- _The problem_: With the pictures left out, write out exactly the lines of the listing below that run from the line with "Flork WAStickerapps for" through the line with "LACOSTE 피케 셔츠 빨간색/화이트/네이비 사이즈 3".

- _Data for this exercise_:
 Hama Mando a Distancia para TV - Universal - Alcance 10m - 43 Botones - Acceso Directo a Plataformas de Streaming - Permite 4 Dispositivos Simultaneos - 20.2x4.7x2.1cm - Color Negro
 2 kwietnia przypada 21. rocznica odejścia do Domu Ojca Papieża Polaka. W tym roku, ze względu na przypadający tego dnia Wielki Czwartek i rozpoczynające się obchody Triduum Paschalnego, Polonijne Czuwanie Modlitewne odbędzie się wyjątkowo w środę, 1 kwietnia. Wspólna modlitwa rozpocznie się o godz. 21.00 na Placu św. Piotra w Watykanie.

...

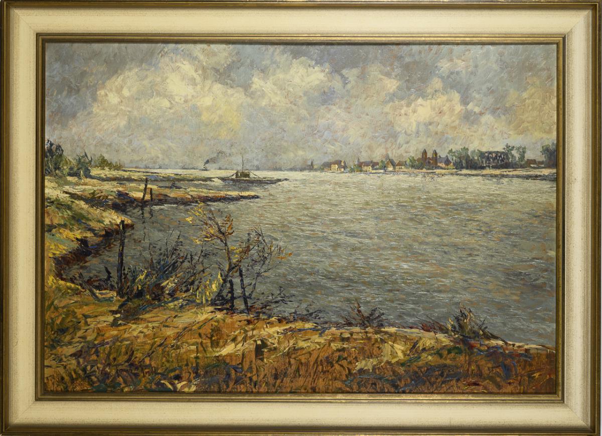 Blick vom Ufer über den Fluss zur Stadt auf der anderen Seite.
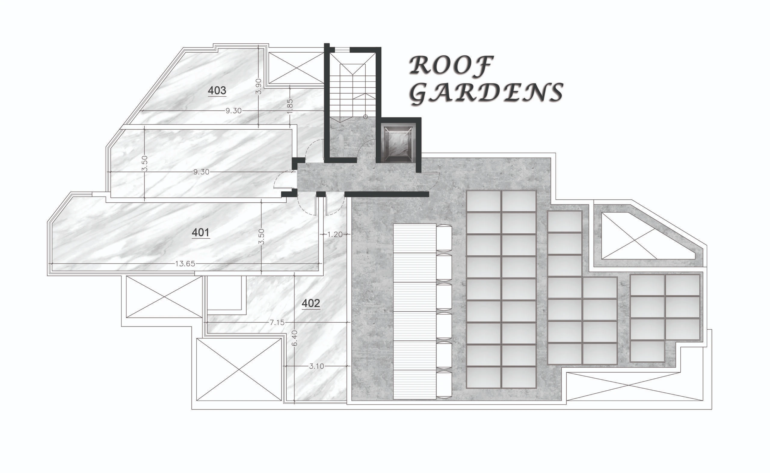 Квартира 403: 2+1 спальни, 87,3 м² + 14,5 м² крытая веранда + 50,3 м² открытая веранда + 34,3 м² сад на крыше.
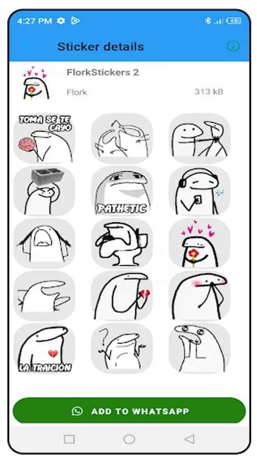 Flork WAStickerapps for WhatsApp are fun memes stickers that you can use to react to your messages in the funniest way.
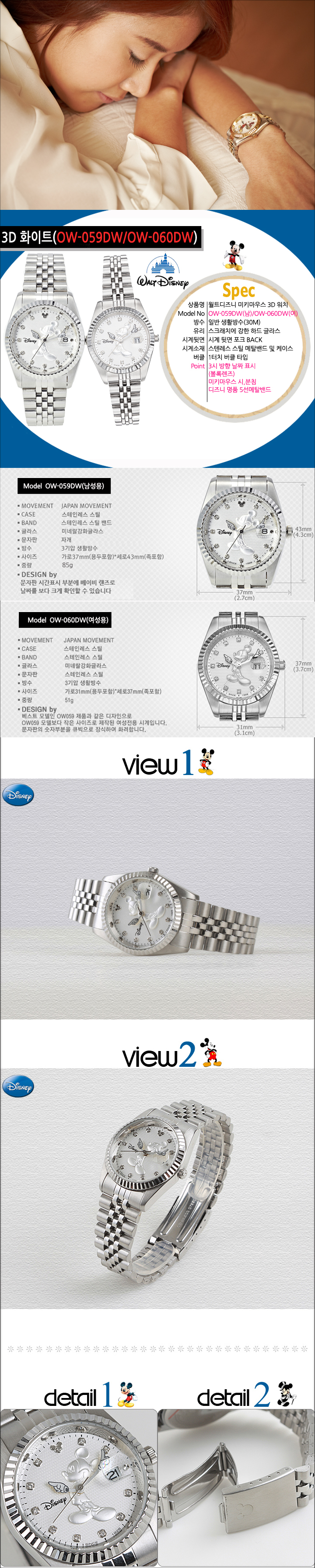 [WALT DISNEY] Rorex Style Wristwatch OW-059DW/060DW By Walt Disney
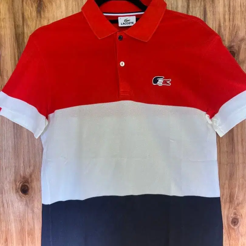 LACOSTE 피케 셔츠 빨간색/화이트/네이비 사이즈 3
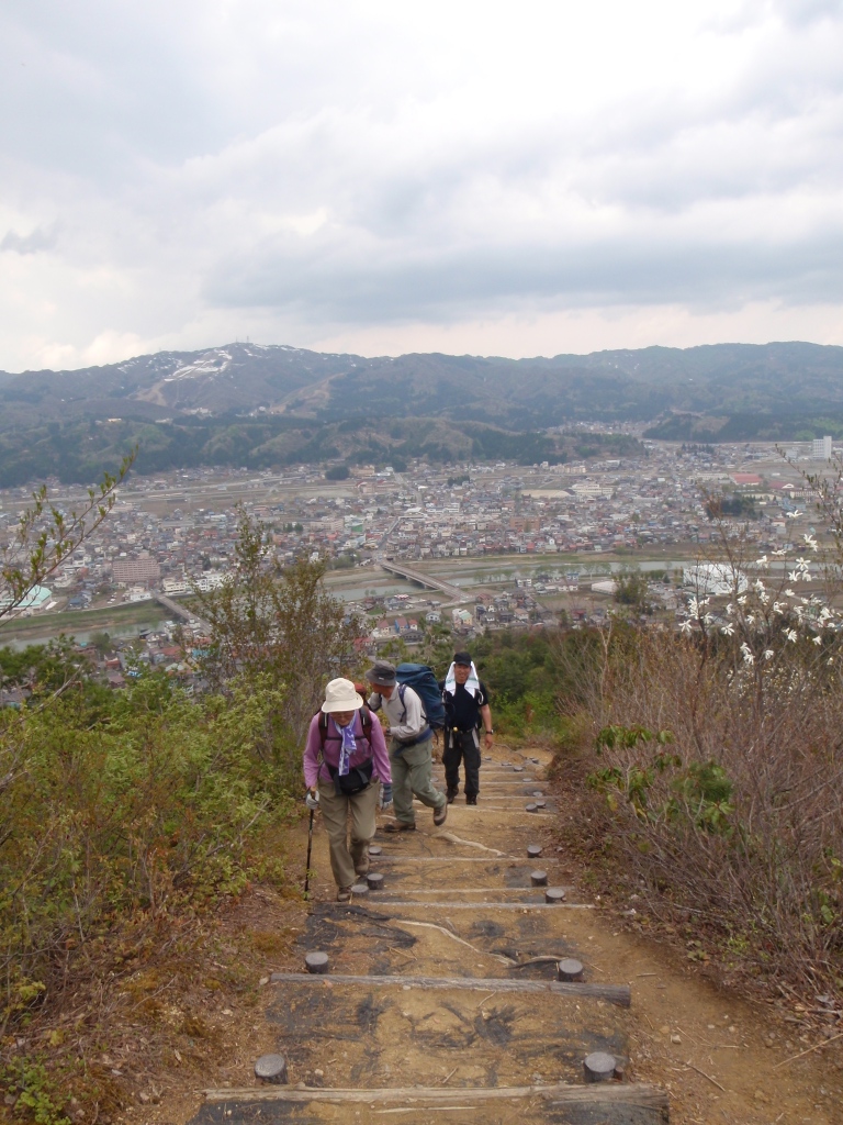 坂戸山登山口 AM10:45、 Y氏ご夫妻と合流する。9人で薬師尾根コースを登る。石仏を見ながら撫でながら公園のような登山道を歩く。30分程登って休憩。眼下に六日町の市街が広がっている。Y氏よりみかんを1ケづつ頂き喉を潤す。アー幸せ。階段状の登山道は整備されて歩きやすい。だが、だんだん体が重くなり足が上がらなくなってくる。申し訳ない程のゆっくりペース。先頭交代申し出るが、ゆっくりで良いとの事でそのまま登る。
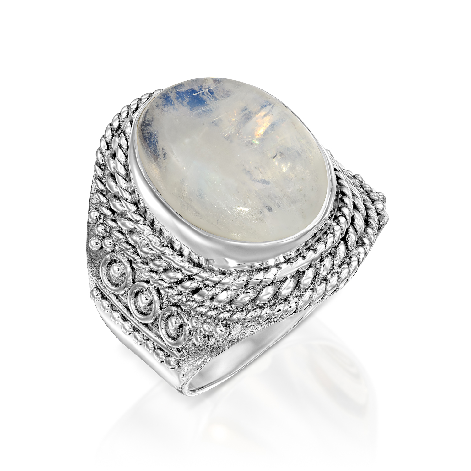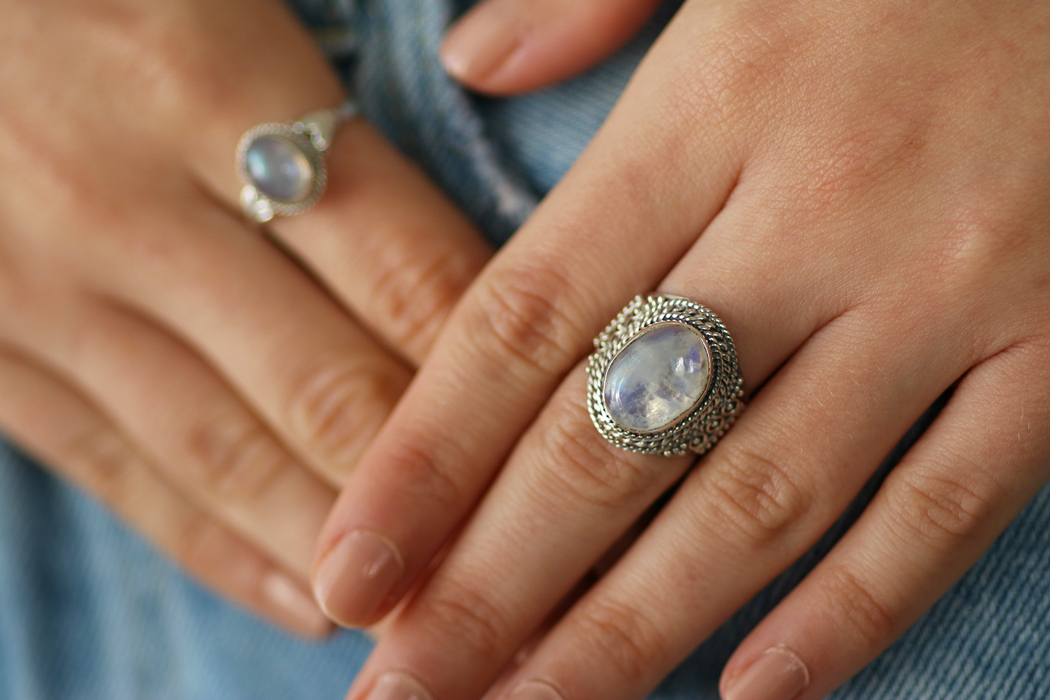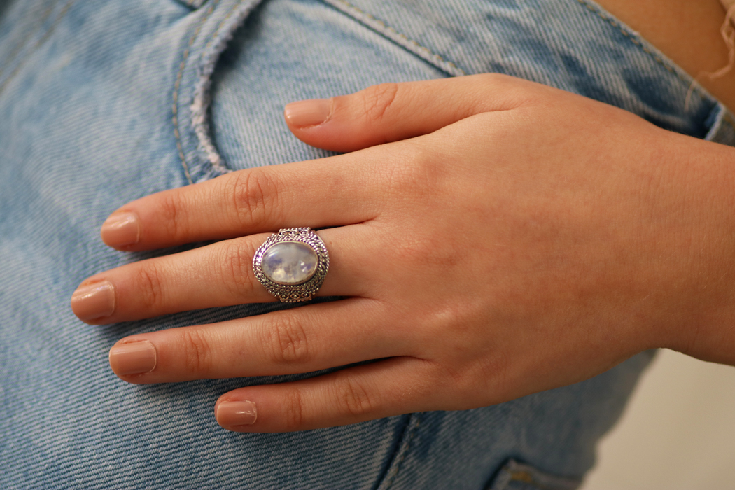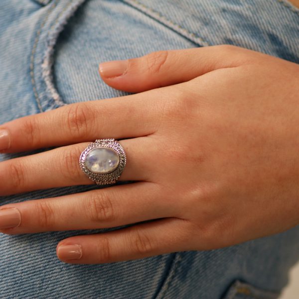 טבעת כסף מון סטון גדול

* * *

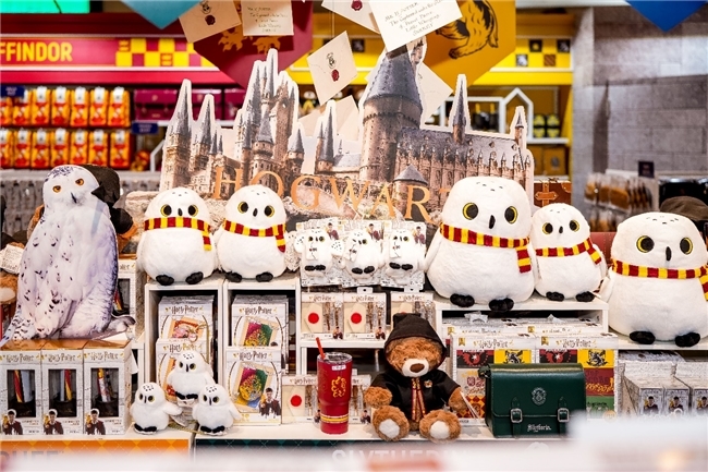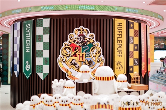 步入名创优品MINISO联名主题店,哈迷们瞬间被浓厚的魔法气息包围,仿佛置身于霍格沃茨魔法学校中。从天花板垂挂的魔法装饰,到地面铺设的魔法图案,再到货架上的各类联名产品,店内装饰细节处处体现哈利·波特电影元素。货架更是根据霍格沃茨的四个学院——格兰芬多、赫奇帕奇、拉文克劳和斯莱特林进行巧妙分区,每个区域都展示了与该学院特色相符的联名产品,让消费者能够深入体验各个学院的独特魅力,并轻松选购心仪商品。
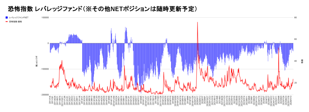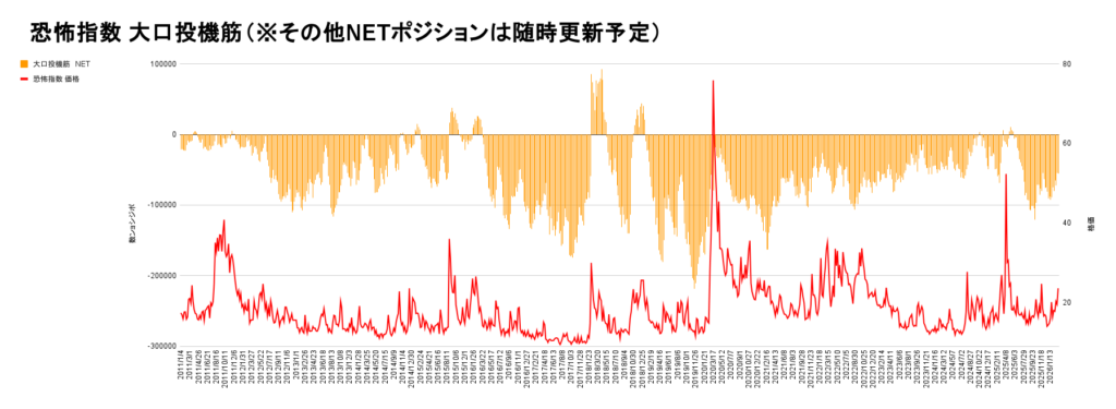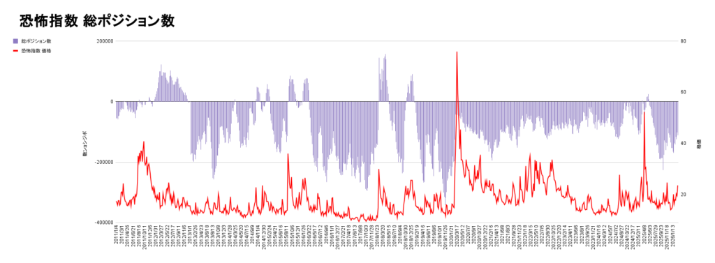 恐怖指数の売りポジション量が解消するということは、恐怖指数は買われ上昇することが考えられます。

- _Answer box_:
 Flork WAStickerapps for WhatsApp are fun memes stickers that you can use to react to your messages in the funniest way.
 [WALT DISNEY] Rorex Style Wristwatch OW-059DW/060DW By Walt Disney
 LACOSTE 피케 셔츠 빨간색/화이트/네이비 사이즈 3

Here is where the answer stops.